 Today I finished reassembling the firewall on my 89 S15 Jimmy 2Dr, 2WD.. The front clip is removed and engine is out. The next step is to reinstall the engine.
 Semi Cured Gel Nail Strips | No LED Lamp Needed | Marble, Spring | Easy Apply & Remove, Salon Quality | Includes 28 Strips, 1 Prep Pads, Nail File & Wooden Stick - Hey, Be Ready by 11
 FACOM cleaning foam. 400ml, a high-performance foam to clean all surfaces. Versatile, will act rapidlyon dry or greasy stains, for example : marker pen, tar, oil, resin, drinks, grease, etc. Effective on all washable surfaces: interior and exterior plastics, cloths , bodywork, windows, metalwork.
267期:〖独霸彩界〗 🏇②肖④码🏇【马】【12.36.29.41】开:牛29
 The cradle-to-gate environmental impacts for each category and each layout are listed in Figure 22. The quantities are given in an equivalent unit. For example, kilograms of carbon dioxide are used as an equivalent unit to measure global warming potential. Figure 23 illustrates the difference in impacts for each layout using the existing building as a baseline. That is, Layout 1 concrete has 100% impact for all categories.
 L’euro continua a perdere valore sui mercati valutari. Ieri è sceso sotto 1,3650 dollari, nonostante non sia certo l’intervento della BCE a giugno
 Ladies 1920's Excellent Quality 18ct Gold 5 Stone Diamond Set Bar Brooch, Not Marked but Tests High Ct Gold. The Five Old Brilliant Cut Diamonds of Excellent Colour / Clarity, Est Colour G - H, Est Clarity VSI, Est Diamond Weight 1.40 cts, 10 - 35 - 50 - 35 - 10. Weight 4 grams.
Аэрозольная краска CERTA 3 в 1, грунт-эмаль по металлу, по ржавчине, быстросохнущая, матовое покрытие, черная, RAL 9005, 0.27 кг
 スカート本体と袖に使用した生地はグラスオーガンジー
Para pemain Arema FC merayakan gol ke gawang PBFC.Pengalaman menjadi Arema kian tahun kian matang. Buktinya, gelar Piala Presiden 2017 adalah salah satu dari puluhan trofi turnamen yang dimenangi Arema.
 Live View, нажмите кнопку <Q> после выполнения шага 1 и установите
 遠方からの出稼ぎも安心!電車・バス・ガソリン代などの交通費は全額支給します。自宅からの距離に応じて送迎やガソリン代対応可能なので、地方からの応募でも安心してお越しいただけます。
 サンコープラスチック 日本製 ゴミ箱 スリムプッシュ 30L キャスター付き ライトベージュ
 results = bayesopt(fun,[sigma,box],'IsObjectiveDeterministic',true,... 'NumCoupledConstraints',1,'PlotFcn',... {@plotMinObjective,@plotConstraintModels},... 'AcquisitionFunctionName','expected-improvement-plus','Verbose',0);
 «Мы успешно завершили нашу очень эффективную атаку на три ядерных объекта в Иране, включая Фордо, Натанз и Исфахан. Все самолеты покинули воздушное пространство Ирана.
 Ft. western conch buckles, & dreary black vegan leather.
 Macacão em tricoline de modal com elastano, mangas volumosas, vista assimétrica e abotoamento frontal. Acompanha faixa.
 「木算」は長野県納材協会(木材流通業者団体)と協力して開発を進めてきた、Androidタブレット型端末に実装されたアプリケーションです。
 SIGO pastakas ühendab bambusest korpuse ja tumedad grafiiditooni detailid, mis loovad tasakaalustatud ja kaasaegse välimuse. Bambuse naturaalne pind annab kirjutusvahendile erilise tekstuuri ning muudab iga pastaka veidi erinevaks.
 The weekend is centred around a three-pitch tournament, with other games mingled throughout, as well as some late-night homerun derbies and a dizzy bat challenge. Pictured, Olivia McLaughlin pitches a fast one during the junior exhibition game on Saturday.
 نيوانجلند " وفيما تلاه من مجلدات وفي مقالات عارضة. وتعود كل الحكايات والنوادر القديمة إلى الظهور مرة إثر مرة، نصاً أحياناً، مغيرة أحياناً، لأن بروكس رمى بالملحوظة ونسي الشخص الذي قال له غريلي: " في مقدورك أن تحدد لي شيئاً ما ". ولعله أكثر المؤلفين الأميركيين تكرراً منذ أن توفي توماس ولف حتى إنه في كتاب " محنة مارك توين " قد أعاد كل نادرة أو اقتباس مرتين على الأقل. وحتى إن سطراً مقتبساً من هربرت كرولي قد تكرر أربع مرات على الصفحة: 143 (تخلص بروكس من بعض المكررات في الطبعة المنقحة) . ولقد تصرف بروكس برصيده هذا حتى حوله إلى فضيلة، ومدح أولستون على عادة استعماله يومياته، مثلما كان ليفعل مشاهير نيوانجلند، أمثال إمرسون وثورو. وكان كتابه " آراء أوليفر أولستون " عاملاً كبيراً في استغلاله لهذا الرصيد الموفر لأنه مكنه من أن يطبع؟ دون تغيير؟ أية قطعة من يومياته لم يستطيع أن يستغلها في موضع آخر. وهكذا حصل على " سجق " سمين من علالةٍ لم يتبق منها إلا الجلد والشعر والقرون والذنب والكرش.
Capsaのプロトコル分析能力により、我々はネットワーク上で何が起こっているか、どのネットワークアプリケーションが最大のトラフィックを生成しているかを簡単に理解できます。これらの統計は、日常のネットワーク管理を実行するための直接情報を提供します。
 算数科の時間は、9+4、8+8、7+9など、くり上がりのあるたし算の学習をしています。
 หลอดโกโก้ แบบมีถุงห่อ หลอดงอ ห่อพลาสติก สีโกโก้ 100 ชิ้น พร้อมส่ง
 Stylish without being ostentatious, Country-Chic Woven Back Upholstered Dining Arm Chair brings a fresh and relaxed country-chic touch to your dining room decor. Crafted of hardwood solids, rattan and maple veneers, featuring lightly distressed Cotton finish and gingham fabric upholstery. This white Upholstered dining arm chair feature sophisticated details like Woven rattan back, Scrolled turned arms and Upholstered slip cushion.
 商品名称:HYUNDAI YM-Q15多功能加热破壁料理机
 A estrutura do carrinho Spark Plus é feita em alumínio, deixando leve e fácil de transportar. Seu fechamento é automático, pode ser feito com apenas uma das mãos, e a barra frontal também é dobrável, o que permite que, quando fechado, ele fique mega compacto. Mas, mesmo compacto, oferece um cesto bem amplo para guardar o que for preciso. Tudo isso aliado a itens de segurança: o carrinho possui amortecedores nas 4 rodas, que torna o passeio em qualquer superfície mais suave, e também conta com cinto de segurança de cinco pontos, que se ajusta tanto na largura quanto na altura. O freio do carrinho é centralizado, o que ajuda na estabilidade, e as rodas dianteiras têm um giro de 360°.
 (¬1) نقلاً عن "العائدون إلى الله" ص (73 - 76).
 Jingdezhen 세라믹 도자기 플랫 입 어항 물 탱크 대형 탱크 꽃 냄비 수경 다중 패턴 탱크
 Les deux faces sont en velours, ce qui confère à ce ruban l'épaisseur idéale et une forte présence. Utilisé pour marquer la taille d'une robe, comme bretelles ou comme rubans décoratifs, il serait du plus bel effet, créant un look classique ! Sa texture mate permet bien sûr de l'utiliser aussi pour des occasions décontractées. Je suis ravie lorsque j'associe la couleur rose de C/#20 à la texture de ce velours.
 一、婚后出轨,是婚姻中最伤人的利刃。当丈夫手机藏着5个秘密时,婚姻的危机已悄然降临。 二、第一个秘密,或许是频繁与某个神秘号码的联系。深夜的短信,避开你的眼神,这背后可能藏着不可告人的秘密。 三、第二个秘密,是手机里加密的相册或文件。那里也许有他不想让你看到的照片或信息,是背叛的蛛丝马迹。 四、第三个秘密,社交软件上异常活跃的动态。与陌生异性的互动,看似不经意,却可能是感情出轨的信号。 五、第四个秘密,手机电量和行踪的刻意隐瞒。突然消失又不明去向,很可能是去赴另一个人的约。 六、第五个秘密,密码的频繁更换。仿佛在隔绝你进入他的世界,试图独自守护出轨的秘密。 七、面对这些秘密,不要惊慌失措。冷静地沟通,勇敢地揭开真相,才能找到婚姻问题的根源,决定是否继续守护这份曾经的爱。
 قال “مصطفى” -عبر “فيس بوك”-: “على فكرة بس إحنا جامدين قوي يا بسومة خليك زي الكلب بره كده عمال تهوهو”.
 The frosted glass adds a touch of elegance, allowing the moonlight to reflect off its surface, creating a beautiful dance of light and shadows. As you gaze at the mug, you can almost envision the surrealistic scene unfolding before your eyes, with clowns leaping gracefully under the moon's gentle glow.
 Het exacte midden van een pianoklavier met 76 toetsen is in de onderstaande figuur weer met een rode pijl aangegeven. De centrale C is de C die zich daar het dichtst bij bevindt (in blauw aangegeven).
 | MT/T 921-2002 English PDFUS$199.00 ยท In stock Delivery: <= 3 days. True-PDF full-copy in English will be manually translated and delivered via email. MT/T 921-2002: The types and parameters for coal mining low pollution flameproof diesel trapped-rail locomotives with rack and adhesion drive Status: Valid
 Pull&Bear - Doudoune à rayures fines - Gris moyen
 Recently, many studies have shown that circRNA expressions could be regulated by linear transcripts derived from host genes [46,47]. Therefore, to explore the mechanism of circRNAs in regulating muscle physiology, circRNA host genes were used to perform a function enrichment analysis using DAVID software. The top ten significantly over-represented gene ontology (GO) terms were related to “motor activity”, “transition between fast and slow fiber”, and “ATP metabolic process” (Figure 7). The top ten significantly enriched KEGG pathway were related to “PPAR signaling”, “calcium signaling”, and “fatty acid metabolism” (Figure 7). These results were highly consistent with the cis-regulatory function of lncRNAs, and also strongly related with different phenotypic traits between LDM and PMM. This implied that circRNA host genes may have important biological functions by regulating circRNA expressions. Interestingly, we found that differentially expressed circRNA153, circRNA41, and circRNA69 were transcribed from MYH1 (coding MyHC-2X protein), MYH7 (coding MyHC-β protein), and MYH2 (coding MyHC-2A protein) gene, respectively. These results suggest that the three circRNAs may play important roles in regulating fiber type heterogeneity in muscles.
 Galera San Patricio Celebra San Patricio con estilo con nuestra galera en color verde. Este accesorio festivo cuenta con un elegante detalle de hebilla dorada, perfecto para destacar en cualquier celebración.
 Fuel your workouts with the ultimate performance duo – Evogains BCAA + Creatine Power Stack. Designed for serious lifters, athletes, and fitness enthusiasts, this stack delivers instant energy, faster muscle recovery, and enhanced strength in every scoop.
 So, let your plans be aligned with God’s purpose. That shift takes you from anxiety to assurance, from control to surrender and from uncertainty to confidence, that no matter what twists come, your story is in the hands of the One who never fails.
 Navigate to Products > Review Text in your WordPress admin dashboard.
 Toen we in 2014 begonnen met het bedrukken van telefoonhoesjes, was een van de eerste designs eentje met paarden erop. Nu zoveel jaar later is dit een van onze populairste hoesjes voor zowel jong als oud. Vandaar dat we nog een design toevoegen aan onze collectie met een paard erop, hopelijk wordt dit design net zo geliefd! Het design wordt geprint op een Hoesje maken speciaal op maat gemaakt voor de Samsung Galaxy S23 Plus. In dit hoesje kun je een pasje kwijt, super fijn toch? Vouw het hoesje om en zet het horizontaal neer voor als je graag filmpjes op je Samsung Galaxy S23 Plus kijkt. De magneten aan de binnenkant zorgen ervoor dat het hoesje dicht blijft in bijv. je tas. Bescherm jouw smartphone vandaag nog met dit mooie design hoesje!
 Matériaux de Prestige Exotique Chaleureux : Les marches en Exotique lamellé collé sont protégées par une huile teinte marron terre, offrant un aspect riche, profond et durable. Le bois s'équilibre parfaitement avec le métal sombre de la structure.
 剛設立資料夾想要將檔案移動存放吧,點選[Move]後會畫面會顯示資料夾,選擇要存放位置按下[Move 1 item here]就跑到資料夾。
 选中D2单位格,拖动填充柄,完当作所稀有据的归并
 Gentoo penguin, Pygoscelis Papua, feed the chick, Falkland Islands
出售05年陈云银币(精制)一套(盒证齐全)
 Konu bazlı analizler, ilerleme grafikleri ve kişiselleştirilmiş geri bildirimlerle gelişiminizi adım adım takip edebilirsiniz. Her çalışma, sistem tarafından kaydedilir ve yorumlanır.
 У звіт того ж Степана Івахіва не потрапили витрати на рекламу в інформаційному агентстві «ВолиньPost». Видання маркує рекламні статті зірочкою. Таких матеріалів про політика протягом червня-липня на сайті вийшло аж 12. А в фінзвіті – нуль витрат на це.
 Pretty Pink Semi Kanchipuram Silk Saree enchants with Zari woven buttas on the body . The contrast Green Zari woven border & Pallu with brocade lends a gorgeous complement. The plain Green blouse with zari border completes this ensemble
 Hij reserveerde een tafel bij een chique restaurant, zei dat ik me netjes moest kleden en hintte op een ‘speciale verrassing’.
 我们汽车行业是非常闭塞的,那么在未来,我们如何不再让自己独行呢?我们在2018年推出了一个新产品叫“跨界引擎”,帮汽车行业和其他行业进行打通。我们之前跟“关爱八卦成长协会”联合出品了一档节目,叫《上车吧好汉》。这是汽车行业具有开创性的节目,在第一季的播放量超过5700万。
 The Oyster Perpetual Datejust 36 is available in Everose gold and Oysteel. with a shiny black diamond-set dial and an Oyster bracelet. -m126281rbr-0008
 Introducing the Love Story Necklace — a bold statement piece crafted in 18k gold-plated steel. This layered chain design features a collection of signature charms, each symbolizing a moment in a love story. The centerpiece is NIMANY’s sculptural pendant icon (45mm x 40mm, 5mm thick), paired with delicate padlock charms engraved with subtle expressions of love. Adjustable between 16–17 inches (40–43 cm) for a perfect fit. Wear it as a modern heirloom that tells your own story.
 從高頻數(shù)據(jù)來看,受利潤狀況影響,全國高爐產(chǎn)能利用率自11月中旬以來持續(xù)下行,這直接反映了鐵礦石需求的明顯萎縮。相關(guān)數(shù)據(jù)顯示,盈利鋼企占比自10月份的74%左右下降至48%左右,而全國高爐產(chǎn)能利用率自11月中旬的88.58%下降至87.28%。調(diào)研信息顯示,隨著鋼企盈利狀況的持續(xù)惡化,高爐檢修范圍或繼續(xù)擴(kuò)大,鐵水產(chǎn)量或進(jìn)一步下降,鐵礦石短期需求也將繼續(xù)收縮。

☆ ☆ ☆ ☆ ☆

**YOUR OBJECTIVE**
Word for word, restate the lines of the listing above starting at the line with "والقرون والذنب والكرش." and ending at the line with "หลอดโกโก้ แบบมีถุงห่อ หลอดงอ", and nothing outside them.

**RESPONSE**
 نيوانجلند " وفيما تلاه من مجلدات وفي مقالات عارضة. وتعود كل الحكايات والنوادر القديمة إلى الظهور مرة إثر مرة، نصاً أحياناً، مغيرة أحياناً، لأن بروكس رمى بالملحوظة ونسي الشخص الذي قال له غريلي: " في مقدورك أن تحدد لي شيئاً ما ". ولعله أكثر المؤلفين الأميركيين تكرراً منذ أن توفي توماس ولف حتى إنه في كتاب " محنة مارك توين " قد أعاد كل نادرة أو اقتباس مرتين على الأقل. وحتى إن سطراً مقتبساً من هربرت كرولي قد تكرر أربع مرات على الصفحة: 143 (تخلص بروكس من بعض المكررات في الطبعة المنقحة) . ولقد تصرف بروكس برصيده هذا حتى حوله إلى فضيلة، ومدح أولستون على عادة استعماله يومياته، مثلما كان ليفعل مشاهير نيوانجلند، أمثال إمرسون وثورو. وكان كتابه " آراء أوليفر أولستون " عاملاً كبيراً في استغلاله لهذا الرصيد الموفر لأنه مكنه من أن يطبع؟ دون تغيير؟ أية قطعة من يومياته لم يستطيع أن يستغلها في موضع آخر. وهكذا حصل على " سجق " سمين من علالةٍ لم يتبق منها إلا الجلد والشعر والقرون والذنب والكرش.
Capsaのプロトコル分析能力により、我々はネットワーク上で何が起こっているか、どのネットワークアプリケーションが最大のトラフィックを生成しているかを簡単に理解できます。これらの統計は、日常のネットワーク管理を実行するための直接情報を提供します。
 算数科の時間は、9+4、8+8、7+9など、くり上がりのあるたし算の学習をしています。
 หลอดโกโก้ แบบมีถุงห่อ หลอดงอ ห่อพลาสติก สีโกโก้ 100 ชิ้น พร้อมส่ง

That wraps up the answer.